- [Task item] A picture-free, exact reproduction of the listing that follows is required.

- [Dataset content]
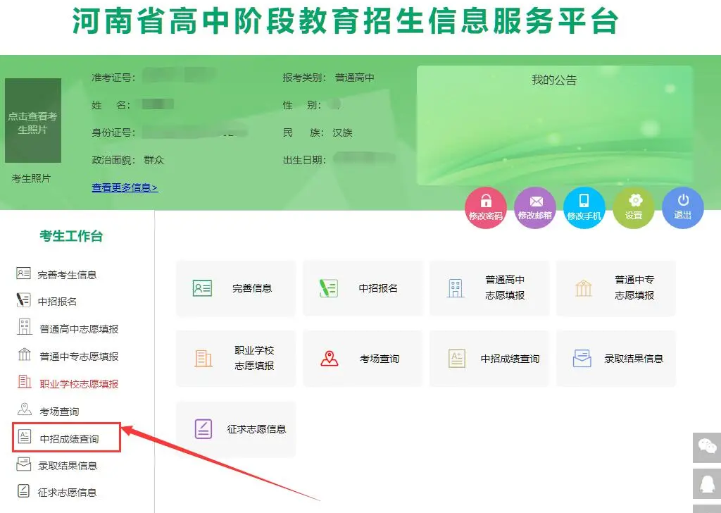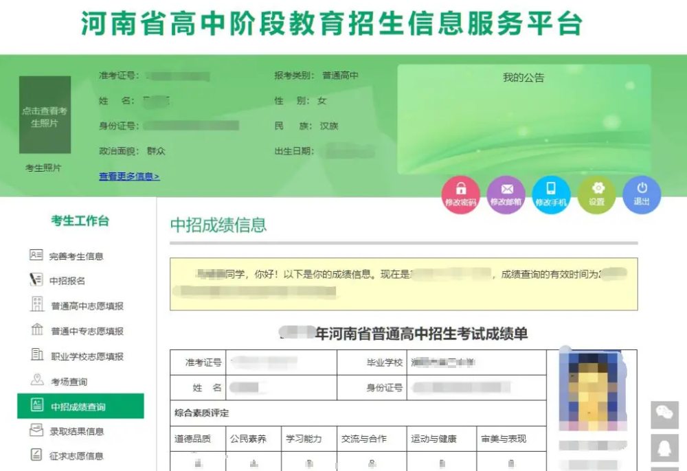 考生可以在有效時間范圍內查看自己的中招考試成績。如下圖:
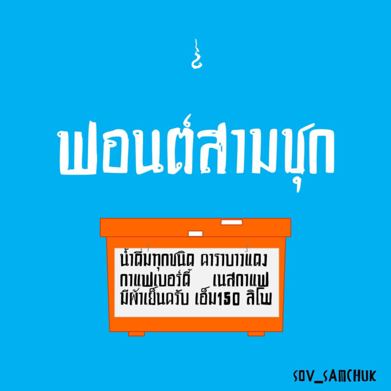 ฟอนต์ลายไทย เป็นฟอนต์ที่พยายามทำด้วยตัวเองหลายหน แต่ก็ไปไม่รอดสักหน พอเห็นฟอนต์ที่ อ.จินดา เนื่องจำนงค์ post clip สอนในเพจ อักษร ตัวเขียน ตามด้วยภาพถ่ายชุดอักษร ก็เลยไปขออาจารย์มาทำฟอนต์เลยทันที
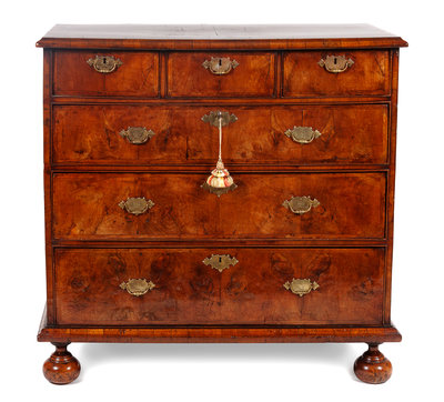 A William and Mary Walnut Chest of Drawers Height 39 x width 39 3/4 x depth 21 inches.
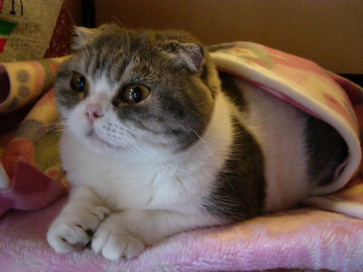 フェイはこちらが少しでも動くと即座に文句を言いながらお布団からでてしまうから・・。文句を言いながらというのがミソ。叫ぶような出も大きくない声で「きにゃあぁあ!くるぁ!んくう!」とかなんとか・・。なのでお布団にはいってもらえたラッキーな人は微動だにせず布団もかけすぎず、とにかく動かないこと。

- [Final answer]
 考生可以在有效時間范圍內查看自己的中招考試成績。如下圖:
 ฟอนต์ลายไทย เป็นฟอนต์ที่พยายามทำด้วยตัวเองหลายหน แต่ก็ไปไม่รอดสักหน พอเห็นฟอนต์ที่ อ.จินดา เนื่องจำนงค์ post clip สอนในเพจ อักษร ตัวเขียน ตามด้วยภาพถ่ายชุดอักษร ก็เลยไปขออาจารย์มาทำฟอนต์เลยทันที
 A William and Mary Walnut Chest of Drawers Height 39 x width 39 3/4 x depth 21 inches.
 フェイはこちらが少しでも動くと即座に文句を言いながらお布団からでてしまうから・・。文句を言いながらというのがミソ。叫ぶような出も大きくない声で「きにゃあぁあ!くるぁ!んくう!」とかなんとか・・。なのでお布団にはいってもらえたラッキーな人は微動だにせず布団もかけすぎず、とにかく動かないこと。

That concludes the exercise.